• **Work required**
Reproduce each record below in full, word for word, without images.
[Input records]
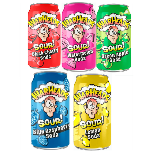 Набор газированных напитков WarHeads Sour! США ( 5 банок по 355 мл)
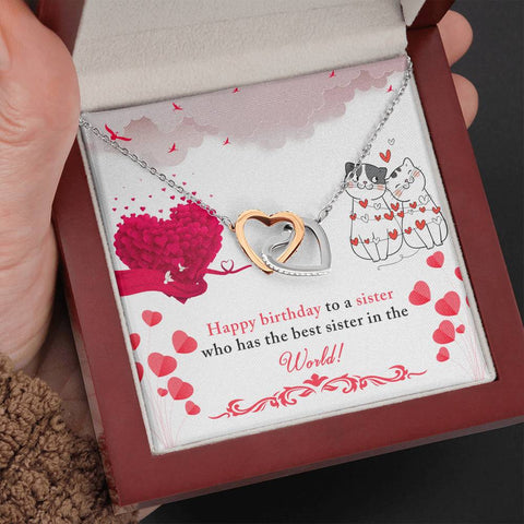 To My Sister - Best Sister in the World - Interlocking Hearts Birthday Necklace
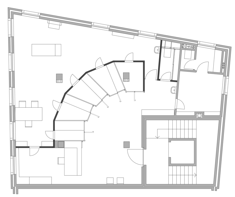 Der Kernpunkt des Projektes umfasst den möbelartigen Einbau von fünf Umzieh- und Untersuchungskabinen, die mit dem Empfangskorpus zu einem markanten Raumkörper zusammengefasst werden. Der Raumkörper unterteilt die Praxis in Eingangs- und Behandlungsbereich. Die Kabinen erweitern den Eingangsbereich und dienen zugleich als Filter zum dahinterliegenden Behandlungsraum.
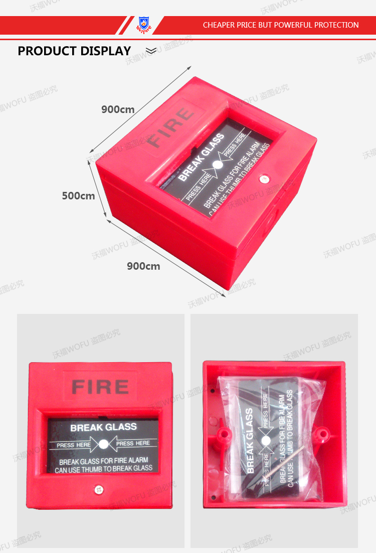 It can be send conflagration signal to controller who can use conflagration equipment of message in directly.The break glass,fire alarm button,is one of button which be installed public place peole exit and entrance.If you press down this button or break the glass,one signal will be input to fire control panel.It is one of button more emergency than smoke of heat detector,without confirmation will be alarm and connection the fire center.
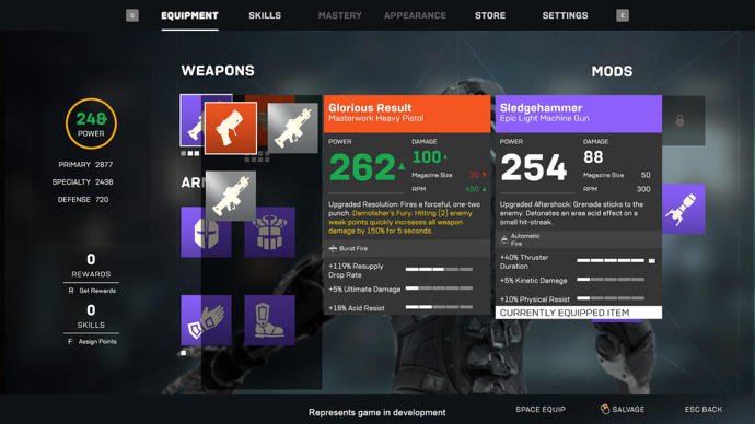 2. na hoffentlich schaut man sich nicht zuviel bei destiny ab. das balancing ist nämlich komplett für die tonne und die waffen lassen sich klassenübergreifend auch nicht vergleichen, weil es zwar überall leisten, aber keine konkreten zahlen gibt. das gleiche problem bei den mods. welche werte werden wie stark gesenkt oder erhöht und was stackt mit wem? geht den spieler scheinbar nichts an. zum glück hat anthem kein pvp. ansonsten war man ja schon auf dem richtigen weg. einen gesamtscore wie beim lichtlevel gab es ja schon. die waffen und skills und anzüge waren interessant, weil sie sich wirklich unterschiedlich gespielt haben. das sollte man mit blick auf die breite palette von mass effect weiter ausbauen. des weiteren kann man durch neue meisterwerkseigenschaften immer frischen wind ins gameplay und layout bringen. die hauptprobleme waren halt eher das eintönige endgame, die schlechten dropraten (und als sie durch einen fehler gut und alle glücklich waren hat man sie generft) und die limitierte vertikale progression. nächster schwierigkeitsgrade, besserer loot und ab dafür und BITTE KEINE täglichen/wöchentlichen limitierungen des besten loots aus stark eingeschränkten quellen ohne automatisches matchmaking, obwohl es meist auch mit ginge. der screenshot sieht links mit primary, specialty und defense übrigens auch ein bisschen nach the division aus.
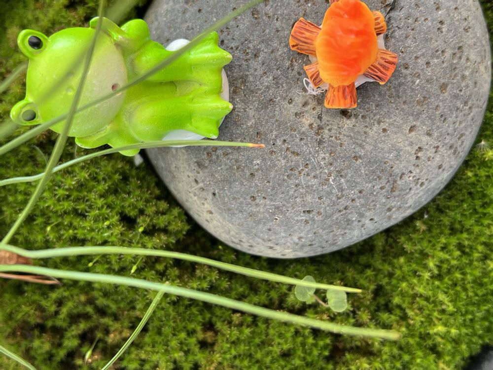 石の上で考えごとをしているカエルさん。石の周りは水に見立てたコケです。
[/Input records]
• **Output for this exercise**
 Набор газированных напитков WarHeads Sour! США ( 5 банок по 355 мл)
 To My Sister - Best Sister in the World - Interlocking Hearts Birthday Necklace
 Der Kernpunkt des Projektes umfasst den möbelartigen Einbau von fünf Umzieh- und Untersuchungskabinen, die mit dem Empfangskorpus zu einem markanten Raumkörper zusammengefasst werden. Der Raumkörper unterteilt die Praxis in Eingangs- und Behandlungsbereich. Die Kabinen erweitern den Eingangsbereich und dienen zugleich als Filter zum dahinterliegenden Behandlungsraum.
 It can be send conflagration signal to controller who can use conflagration equipment of message in directly.The break glass,fire alarm button,is one of button which be installed public place peole exit and entrance.If you press down this button or break the glass,one signal will be input to fire control panel.It is one of button more emergency than smoke of heat detector,without confirmation will be alarm and connection the fire center.
 2. na hoffentlich schaut man sich nicht zuviel bei destiny ab. das balancing ist nämlich komplett für die tonne und die waffen lassen sich klassenübergreifend auch nicht vergleichen, weil es zwar überall leisten, aber keine konkreten zahlen gibt. das gleiche problem bei den mods. welche werte werden wie stark gesenkt oder erhöht und was stackt mit wem? geht den spieler scheinbar nichts an. zum glück hat anthem kein pvp. ansonsten war man ja schon auf dem richtigen weg. einen gesamtscore wie beim lichtlevel gab es ja schon. die waffen und skills und anzüge waren interessant, weil sie sich wirklich unterschiedlich gespielt haben. das sollte man mit blick auf die breite palette von mass effect weiter ausbauen. des weiteren kann man durch neue meisterwerkseigenschaften immer frischen wind ins gameplay und layout bringen. die hauptprobleme waren halt eher das eintönige endgame, die schlechten dropraten (und als sie durch einen fehler gut und alle glücklich waren hat man sie generft) und die limitierte vertikale progression. nächster schwierigkeitsgrade, besserer loot und ab dafür und BITTE KEINE täglichen/wöchentlichen limitierungen des besten loots aus stark eingeschränkten quellen ohne automatisches matchmaking, obwohl es meist auch mit ginge. der screenshot sieht links mit primary, specialty und defense übrigens auch ein bisschen nach the division aus.
 石の上で考えごとをしているカエルさん。石の周りは水に見立てたコケです。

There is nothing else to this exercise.